Trump, in contrast, is a transparent screamer and yeller. The tape of his lewd remarks of women is entirely consistent with the crude and bullying Trump we have come to know. Honestly, is anyone really surprised that he privately bragged about trying to bed married woman, then explained it away as ‘locker-room talk’? Which is why the statements of outrage from both the Democrats and Republicans come across as shallow. This tape is ‘offensive’ not because it uncovered a new Trump but because it is now apparent the old Trump is the only Trump. He will not turn ‘presidential’ for this election or for anyone. In fact, Trump’s initial response to the tape was, “I apologise if anyone was offended.”
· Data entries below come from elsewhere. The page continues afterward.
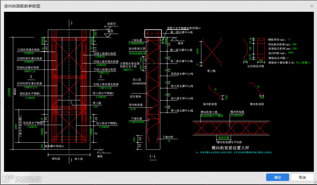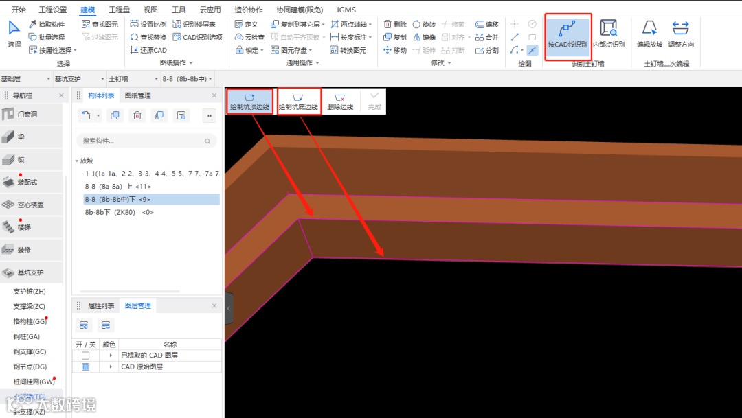 提供4种截面类型,参数支持从CAD底图读取,通过“识别地连墙”快速完成建模。
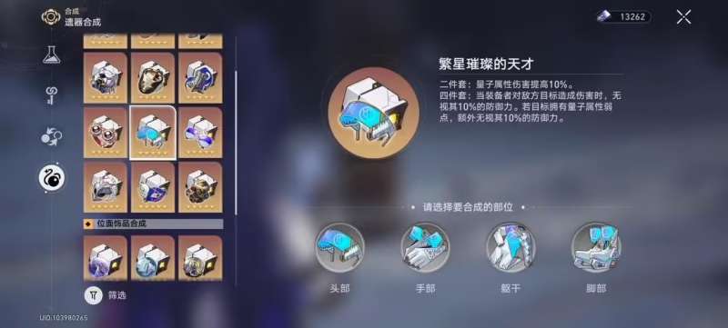 在手机图标里面可以找到【合成】的图标,这个图标点进去就是合成功能。遗器合成系统是一个重要的玩法,玩家可以通过合成获得更高级、更强大的遗器装备。遗器合成系统允许玩家将低级的遗器合成成高级的遗器,以提升遗器的属性和效果。通过合成,玩家可以将一些不再需要的遗器转化为更加有用的装备。崩坏3的遗器合成通常有两种类型:普通合成和反向合成。普通合成是将一定数量的低级遗器合成成一个高级遗器。合成后的高级遗器会拥有更高的属性和效果。反向合成允许玩家将高级遗器拆解成低级遗器或其他资源。这可以帮助玩家获取一些合成材料或回收不再需要的遗器,从而更好地管理资源。
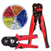 1✔️Kompletny i uniwersalny zestaw narzędzi do obróbki przewodów, obejmujący praskę automatyczną, ściągacz izolacji oraz bogate zestawy tulejek.
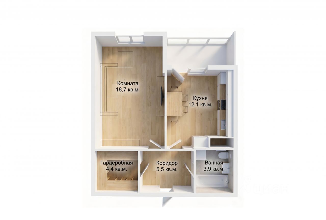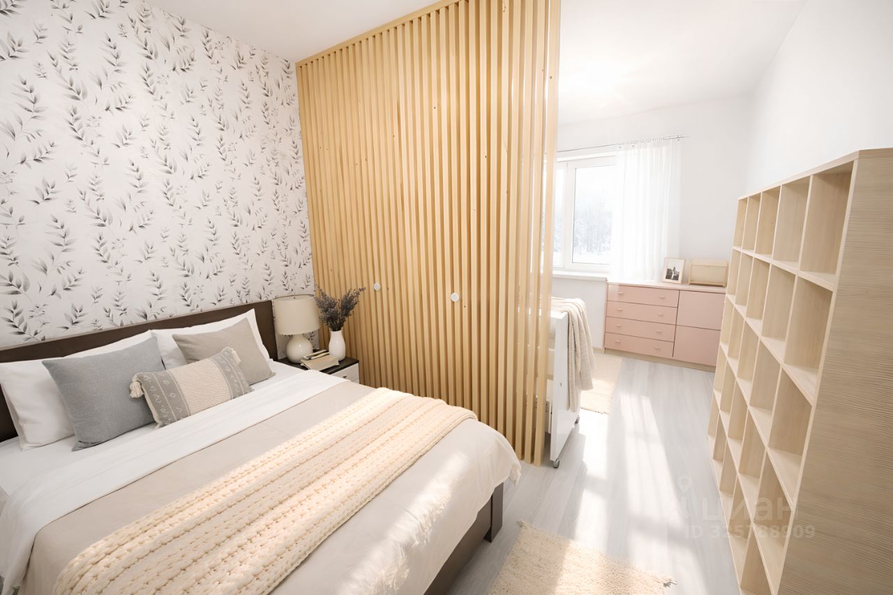 Отличная планировка: большая кухня (12 м²), просторная комната с грамотно выделенной спальной зоной и вместительная прихожая. Выполнен современный ремонт в светлых тонах, состояние — ''заезжай и живи''.
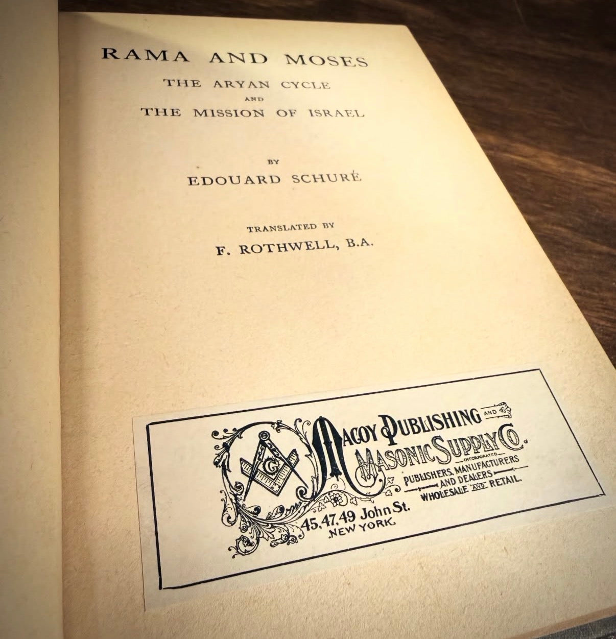 The first English translation of Rama and Moses by Édouard Schuré, originally published in 1889 as part of The Great Initiates, the work for which he is best known. These early English translations were issued in slim individual volumes and were later compiled to form the complete English edition of The Great Initiates.

My friend is amazed that the leader of the free world will be picked from these two raging candidates, arguably the most unpopular of all time. Fanning the burning discontent, Trump, as a self-professed ultra-successful businessman, thinks he will bring the change America badly needs. Betraying her distain, Clinton, whom Obama proclaimed as the most qualified candidate, thinks as the first female American President, she not Trump, will make America great again. Yet many Americans are angrily conflicted that they have to choose from the lesser of two evils, while we watch from front row seats, an American debacle unraveling with unprecedented venom and endless surprise.

No one has divided America like Trump has. He has also single-handedly lowered the entry level to understanding the politics of an election, and for the uninitiated, elevated it to mass entertainment. The first and third presidential debates are among the three most watched in history, respectively garnering 84 million and 71.6 million viewers in America. But the arena of a presidential election is unforgiving. A long-time nemesis of Trump said, “He has exposed his flaws and failures to the world and … the people he will brush up against for the rest of his life. To them he is now officially a joke.” And whether she wins or loses, Clinton’s accomplished political career will be permanently discoloured by investigations into her missteps.

Franklin D. Roosevelt was once described as having ‘a second-class intellect but a first-class temperament’. When angry, he would write draft after draft of speeches. By the sixth, most of the offensive phrases would be gone. Abraham Lincoln would write furious letters when he was mad. But he never mailed them. Barrack Obama confessed to cursing more in the oval office than he had in his entire previous life. But the new abnormal is how Trump and Clinton feed into each other’s vitriol causing reactions from raised eyebrows to abject shock in an election getting angrier by the day. And the new abnormal is how Rodrigo Duterte gets away with some of the most flagrant political rhetoric. As a parting shot, my friend interprets this angry phenomenon with resignation. In this digital media landscape that is crowded and noisy, perhaps there is a real need to be louder, be angrier, to offend, to shock, in order to get your message across, in order to get results.